The virtual machine code can do the compression and encryption processing again, and when the interpreter executes, it decrypts the decompression edge execution. But this
One step for software protection is not important, the analyst can easily trace the interpreter program and fully restore the compressed encrypted
Virtual machine code.

2.7 Virtual Machine Interpreter
The above 6 steps are the protection of the software, and this part will be independent and attached to the distributable program files.
The primary role is to interpret the virtual machine instruction set that was designed and dynamically generated above. Since it will be used primarily for Software Assurance in the first
Virtual machine instruction set is designed to be RISC class, so that the virtual machine interpreter can be written in a simple way. The complex of virtual machine code
The complexity is mainly based on the degree of code confusion. The virtual machine interpreter also takes care of entering and leaving the interpreter and calling the external thread
Save and restore the hardware registers before and after the sequence segment, the interpreter itself tries not to use the system stack, otherwise it will be associated with the virtual machine
The stack usage of the instruction is conflicting.
3. Summarize
Theoretically, as long as the software works on the user platform, there is no way to prevent the software from being modified by some means
Loss of protection [5]
。 But to delay the protection of the time to a certain extent can be achieved. Integrated application of Virtual machine technology and the use of
Its related various anti-analysis techniques, software protection will reach a new level.
4. Thanks
Thanks to my mentor, Professor Lacquer Tao, for the amendment proposed in this article.

Reference documents
[1] Xiongli, Dong Hengqing. Development status and prospect of software protection technology [J]. Journal of Software, 2005, (19): 41-44.
[2] gross speed. Application of virtual machines [J]. Ningxia Engineering Technology, 2003,2 (2): 154-156.
[3] Laurent, Kanjianchen, Zeng. Code obfuscation techniques for software protection [J]. Computer Engineering, 2006,32 (11): 177-179.
[4] Liu Tao Tao. Twist transform encryption [Eb/ol]. Http://liutaotao.com/nqby.txt,2006-7-7.
[5] Shi Lijuan. Research on software protection Scheme [J]. Agricultural Network Information, 2006, (6): 124,125,129.

Software Protection Using Virtual machine
Zhang Lu
Department of computer Science and technology,beijing University of Posts and
Telecommunications,beijing (100876)
Abstract
This paper provides a new to software protection using virtual machine theory. and describes the
Whole process of implement of this.

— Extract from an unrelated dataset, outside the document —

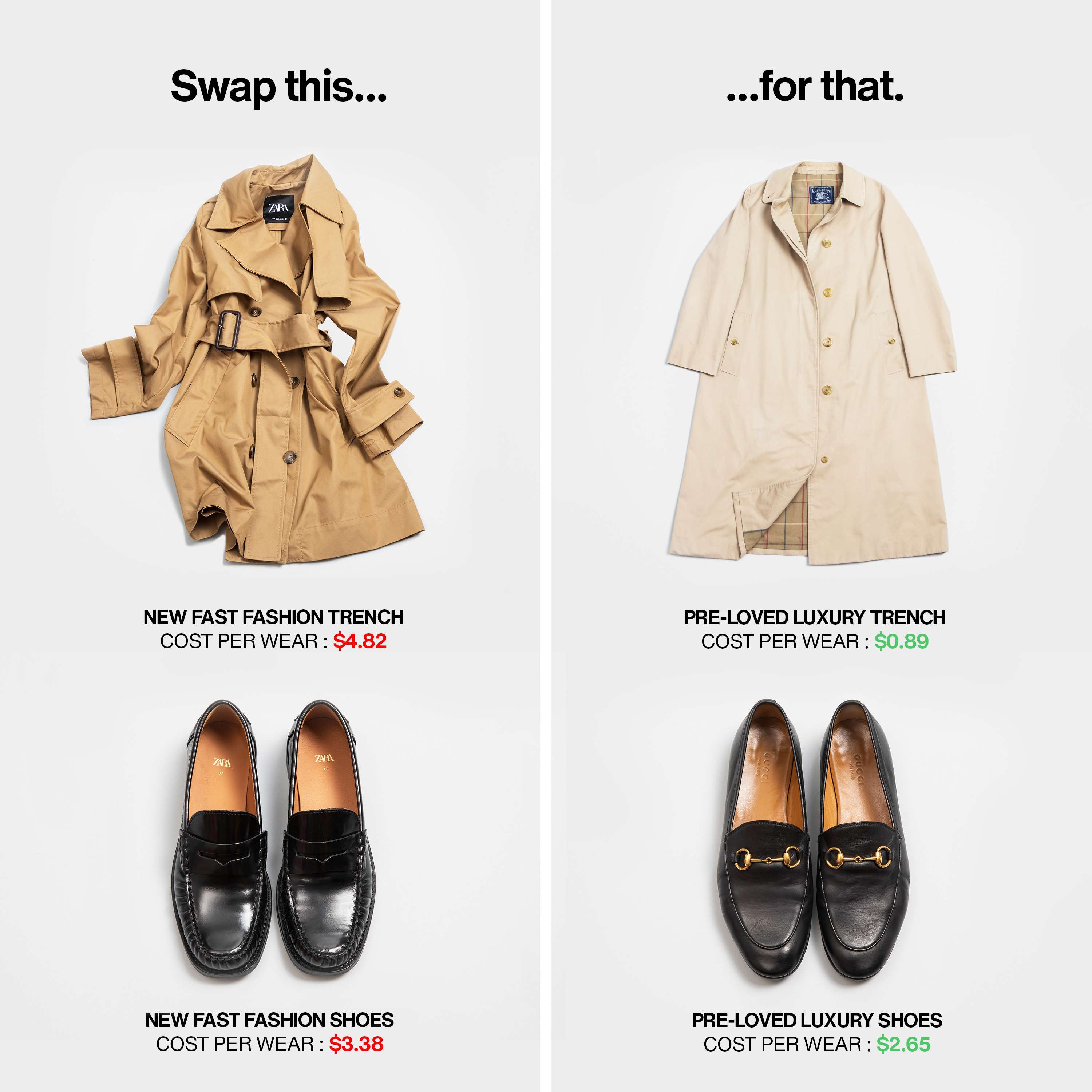 Their consumer survey demonstrated that due to several factors (number of wears, resale value, etc.), brand new fast fashion items ultimately have a 33% higher cost-per-wear than the luxury pre-loved items available on Vestiaire Collective.

Then discusses detailedly some actual technique in every step
of the development. Making use of virtual machine theory and confusion technique integratedly and
Deftly, can improve software protection strength to a new level.
Keywords:software protection,virtual machine,encode,decode,confusion





Author Profile: Zhang Lu, male, 1982, Master's degree, the main research direction is data compression and encryption, while the
Software protection technology has a deep understanding and research.


Related Article

Contact Us

The content source of this page is from Internet, which doesn't represent Alibaba Cloud's opinion; products and services mentioned on that page don't have any relationship with Alibaba Cloud. If the content of the page makes you feel confusing, please write us an email, we will handle the problem within 5 days after receiving your email.

If you find any instances of plagiarism from the community, please send an email to: info-contact@alibabacloud.com and provide relevant evidence. A staff member will contact you within 5 working days.

A Free Trial That Lets You Build Big!

Start building with 50+ products and up to 12 months usage for Elastic Compute Service

  • Sales Support

    1 on 1 presale consultation

  • After-Sales Support

    24/7 Technical Support 6 Free Tickets per Quarter Faster Response

  • Alibaba Cloud offers highly flexible support services tailored to meet your exact needs.